Un embrione sintetico non è un “modello” di un embrione, è un tentativo di creare un embrione. Se questo tentativo avrà avuto successo scientificamente, allora sarà eticamente sbagliato. Se non avrà avuto successo scientificamente, allora non servirà a granché. Finora non sono riusciti nemmeno nei topi a far sviluppare fino alla nascita “embrioni sintetici”. Quindi probabilmente non si tratta di embrioni, ma di grumi di cellule poco interessanti. D’altra parte, se ci fosse qualche dubbio sulla reale essenza dell’oggetto creato dai ricercatori, per il principio di precauzione le ricerche dovrebbero essere immediatamente fermate.
E se sono solo grumi di cellule, perché dare tanta risonanza alla cosa?
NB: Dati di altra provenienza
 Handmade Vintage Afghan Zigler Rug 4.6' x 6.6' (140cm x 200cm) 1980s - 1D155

Per aprire una “finestra di Overton”: che se ne parli e se ne discuta affinché certi esperimenti sugli esseri umani diventino presto accettabili e poi legali, anzi “normali” (cosicché chi si opponesse sarebbe considerato un reprobo). Con grande soddisfazione delle ambizioni prometeiche di certi scienziati e del business che sta dietro di loro, che otterrà finanziamenti e sostanziosi profitti.
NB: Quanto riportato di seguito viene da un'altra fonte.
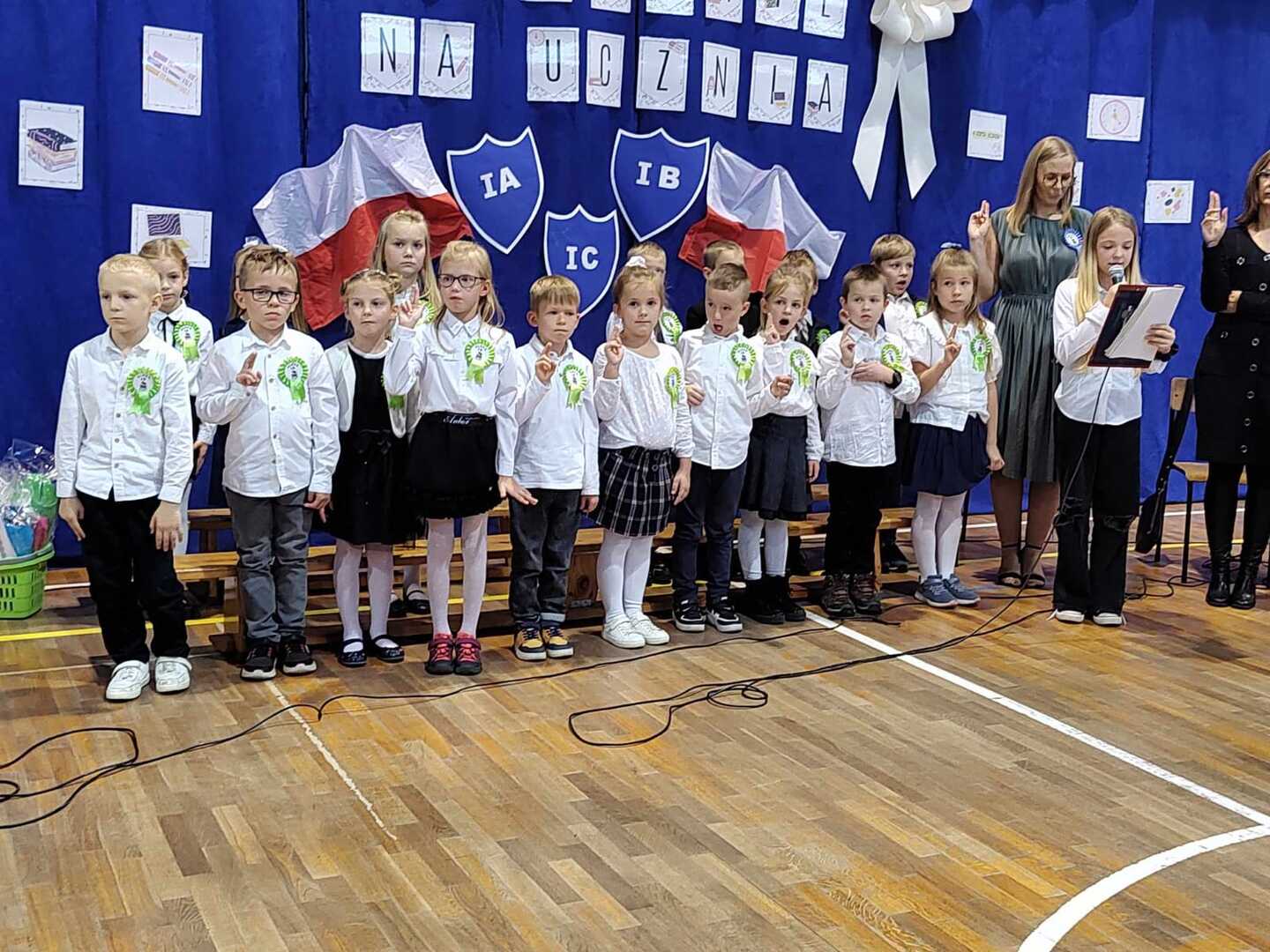 Najpierw pierwszaki zaprezentowali część artystyczną, a następnie złożyli ślubowanie na sztandar zgodnie z Ceremoniałem Szkoły Podstawowej nr 7 im. Stanisława Staszica w Tczewie. Następnie pan dyrektor Jan Kur Pasował wszystkich na uczniów naszej szkoły.

Infine, ma è la cosa più importante di tutte, bisogna ricordare che questi esperimenti si fanno prelevando cellule da embrioni, cioè uccidendo piccoli esseri umani.
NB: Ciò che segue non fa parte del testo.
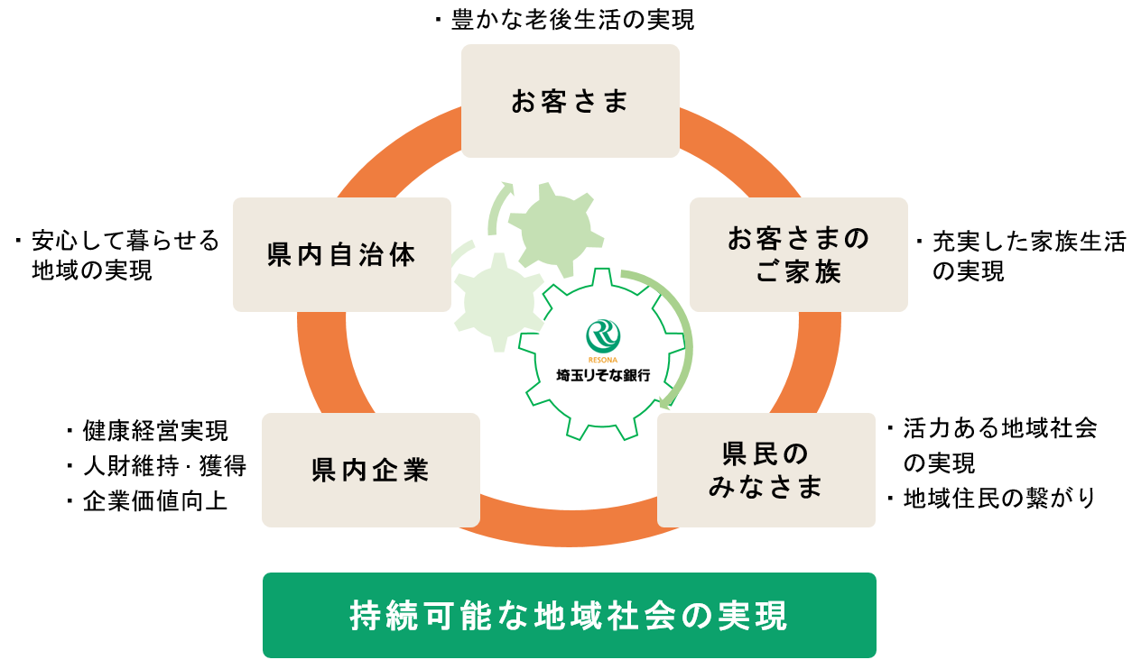 埼玉りそな銀行においては、本格的な少子高齢社会を迎える中で、地域の皆さまの「老後の安心」「暮らしの安心」「相続の安心」「社会の安心」の実現に向けて、産学官金連携のハブ機能を発揮し、誰もが暮らしやすい社会づくりに貢献します。

Questo non è mai ammissibile per alcun motivo.
Ma se non riporteremo al centro del dibattito il riconosciemento del concepito come persona, fin dal giorno 1, e se non ribadiremo con forza l’intangibilità della sua vita in nome di quel principio di uguaglianza («Tutti i cittadini hanno pari dignità sociale…», art. 3 Cost.) che tutti citano, spesso a sproposito, continueranno gli abusi, sempre più spregiudicati, su quei piccolini e su tutti i membri della società che “il sistema” non considera degni di protezione.